How Has the Calculation of Solar System Body SGPs Evolved Over Time?

[GregM]

TL;DR

history of standard gravity parameter measurements

does anyone have a good reference on the history of calculating the standard gravity parameters of solar system bodies? My guess is a rough estimate of Jupiter's SGP can be gained from observing the motion of its moons, in which case the first estimates could have been made soon after Newtonian theory had made SGPs pertinent to astronomy. Or maybe the estimates were already there in an rearrangement in the numbers gained from Galilean observations around 1610.

 

[Drakkith]

It's likely that scientists first determined the gravitational constant and then used that to determine the mass of the Sun, Moon, and planets. From those two values you can get the SGP by multiplying them together. As far as I am aware, the first semi-accurate measurement to determine the gravitational constant (actually the density of the Earth, from which you can get the constant) was the Schiehallion experiment of 1774. This found the density of the Earth to be about 4500 kg/m³, about 20% off from the modern value of 5515 kg/m³.
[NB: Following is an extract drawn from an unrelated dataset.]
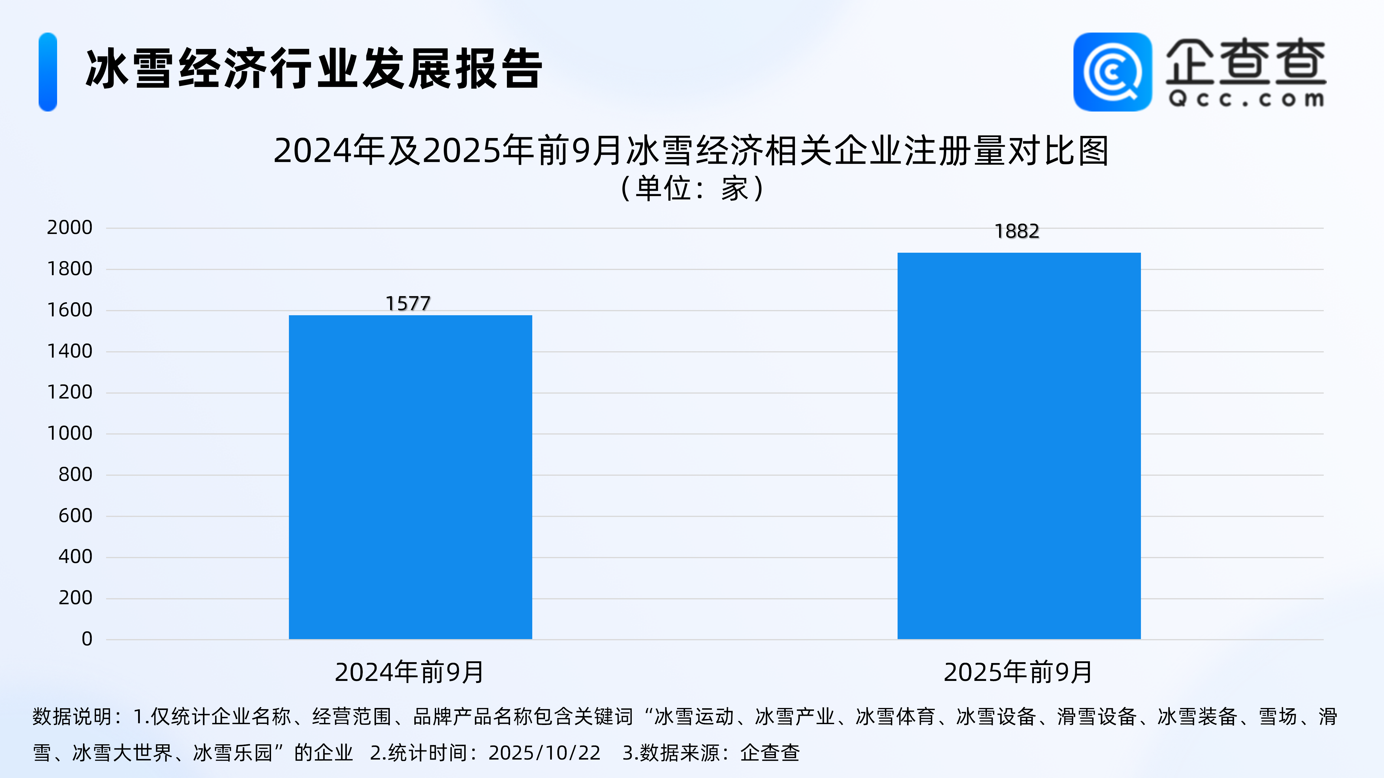 企查查数据显示,国内现存冰雪经济相关企业1.44万家。注册量方面,2023年全年注册量首次突破2000家,同比增长38.80%至2497家,达近十年注册量峰值。2024年全年注册2397家,虽较前一年有所下滑,但仍处于高位。截至目前,今年已注册1970家相关企业,其中前9月注册1882家,同比增长19.34%。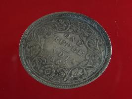 | Description / विवरण | A silver rupee of Queen Victoria, crowned head, facing left Obverse Legend Victoria Queen Reverse One rupee India 1862 In circle sorrounded by a floral vine. |

Jupiter's mass was calculated at various times afterward. Here is George Biddell Airy's article from 1833 in the Memoirs of the Royal Astronomical Society, Vol. 6, p.83 in which he determines the mass of Jupiter by observing the orbit of its 4th satellite. He seems somewhat aghast that various measurements had differed widely up to that point and that no one had lately tried to reconcile them properly. I'm not actually certain what value he obtained, as he states it in a way I've never seen before. Something about a logarithm of the mass.

 

[Vanadium 50]

GM is known far better for the planets than G or M. (Indeed, M is essentially unknown directly - it's actually (GM)/G )

 

[Drakkith]

GM is known far better for the planets than G or M. (Indeed, M is essentially unknown directly - it's actually (GM)/G )

Ah I wasn't aware of this. A little more reading of the wiki article gives me this:
Thus only the product of G and M is needed to predict the motion of the smaller body. Conversely, measurements of the smaller body's orbit only provide information on the product, μ, not G and M separately. The gravitational constant, G, is difficult to measure with high accuracy,[12] while orbits, at least in the solar system, can be measured with great precision and used to determine μ with similar precision.

Very interesting.